That apart, though, I've never heard lefthandedness referred to in a derogatory way at school, either as a pupil or as an adult.  If anything, I can still remember the sting, aged nine, when our left-handed design teacher (who had had her left hand tied behind her back at school) sneeringly remarked that only left handed people were creative.  It actually took me years to get over that one.

by Sassafras on Tue Feb 24th, 2009 at 01:13:00 PM EST
and we had real worries that he wouldn't pass his exams at 16 and 18 because his writing was so close to illegible.

I had the same issue, though due to a premature birth fine motor control problem, and I simply typed my exams, or at least the ones with essay questions. For the high school ones that generally meant being sent to some teacher's office with a typewriter for the allotted time. In college it was most often a case of 'here's the exam, take three hours and drop it off in the box'.

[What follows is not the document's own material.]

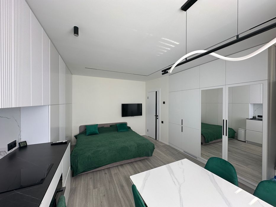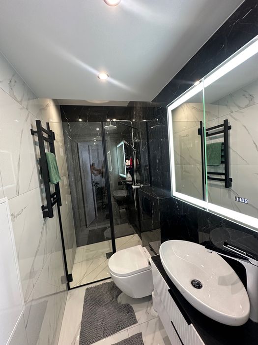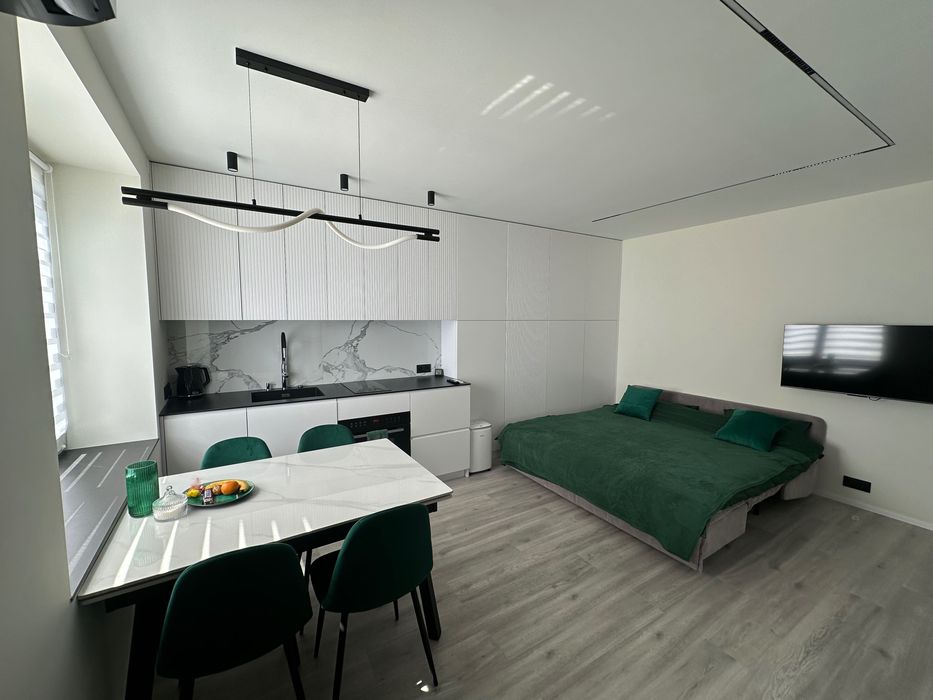 Перша здача та сучасний ремонт! Квартира оснащена новою сучасною технікою така як пральна машина , кондиціонер, духова шафа, мікрохвильова піч, холодильник з морозильною камерою, бойлер, чайник, посудомийна машина, миючий пилосос, вентиляція, телевізор, Wi-fi, цифрове телебачення. Новий посуд. Вся техніка вбудована. Багато шаф для зберігання

The honour system actually worked. When I taught English in Poland after college, I was shocked by the amount of cheating, and even more at the way in which the students saw it as a normal thing (I was ordered to pretend I didn't speak Polish, so the students spoke freely in front of me, safe in the knowledge that I couldn't understand them. Heh. They were a little surprised at my uncanny ability to detect cheating. I also had the best knowledge of the school gossip, bar none - I knew exactly who was taking which drugs, having what spat, and sleeping with whom - it was sort of fun.)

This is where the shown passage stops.